As infamously bad as the Thirteenth Doctor's era has been, no episode has been quite so boring as Sunday's new episode of Doctor Who. I checked to see how far in I was at one point and was startled to find I was only twenty four minutes in. It felt at least like two hours. Ironically, I'd say the main problem with the episode is that it moves too fast; the reason it feels like such a slog is that it's composed almost entirely of infodumps rapidly edited together. No time is spent for atmosphere or mood to accumulate, a deadly mistake in a story about living nightmares.

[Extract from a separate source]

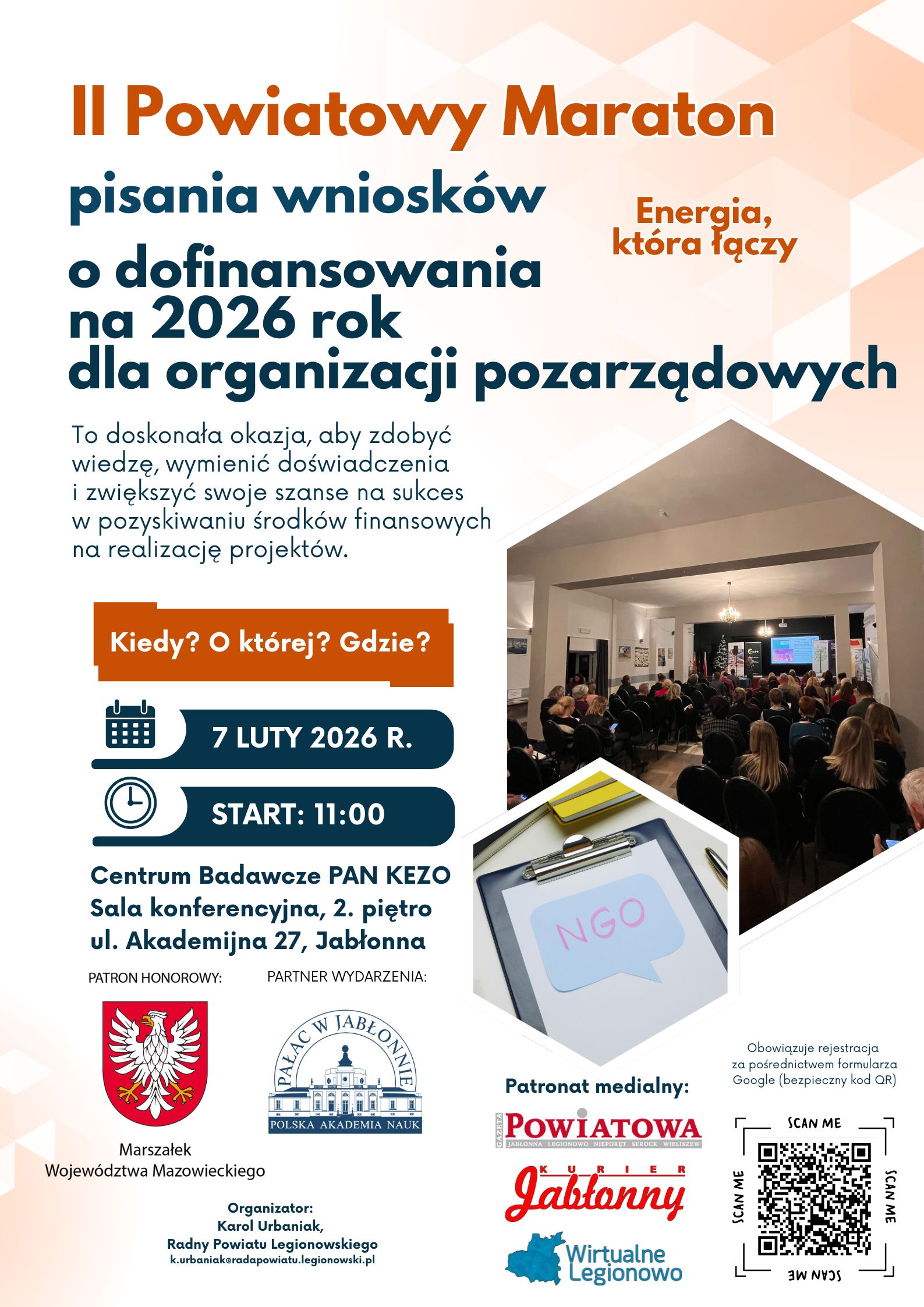 Udział wymaga wcześniejszej rejestracji. Liczba miejsc jest ograniczona, dlatego warto zapisać się jak najszybciej – formularz dostępny po zeskanowaniu kodu QR z plakatu lub przez Google – kliknij TUTAJ.
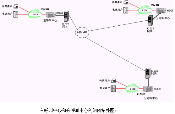 主呼叫中心和多個分呼叫中心均采用采用一體化的可編程智能語音交換機(jī)的呼叫中心。

It's a shame a pretty decent werewolf design goes to waste. The story begins in Aleppo in 1380 where an order of Muslim women care for the mentally ill, something the Doctor (Jodie Whittaker) later hastily compliments them for though we never see any patients. The werewolf creature is terrifying according to the dialogue though director Emma Sullivan seems to have failed to instruct the actresses to allow this fear to show in their faces or line deliveries. Even when a monster wraps its claws around one woman's face conversation maintains an almost casual tone.
My hopes went up a bit when the Doctor separated from her companions, leaving them back in Sheffield, but, sadly, the plot followed their doings as well in order to focus on how anxiety and depression impact them in their lives. Ryan (Tosin Cole) has a friend whose anxiety keeps him in the house while Yas (Mandip Gill) recalls a time when she ran away from home due to some vague, unspecified emotional trauma. In both cases, the treatment of anxiety feels so sterile and impersonal between the lifeless performances, the limp directing, and the stiff dialogue that one is reminded of the worst of 1980s PSAs and After School Specials.
This week's stunt casting is Ian Gelder as a godlike being named Zellin whose penchant for making humans his playthings compels him to awkwardly namecheck other godlike beings from the show's history as though this sadistic deity nevertheless feels the need to obsequiously placate classic Who fans.
But speaking of the 80s and classic Who . . . I never thought I'd say this but it's time to take away the Doctor's sonic screwdriver again. The decision to take away the sonic screwdriver in the Fifth Doctor serial The Visitation was due to producer John Nathan-Turner's idea that writers had been using it too often as a quick solution for the Doctor. My argument has always been that this called for more creativity from the writers, not for the destruction of any particular device. But watching Thirteen constantly wave it around, glance at it once, and then spew a litany of plot concept and technobabble, I couldn't help thinking the current staff need a kick in the pants. And this was before a moment I'm sure will go on every future reel to demonstrate the vapidity of Thirteen's era, when she seemingly escapes from manacles by pushing the sonic screwdriver out of her coat with her hip, the pocket spitting it out like a watermelon seed into her hand.
There's a pathetic moment later when the Doctor brags of her cleverness for this escape. Someone needs to tell the writers that she's the Thirteenth Doctor, not thirteen years old.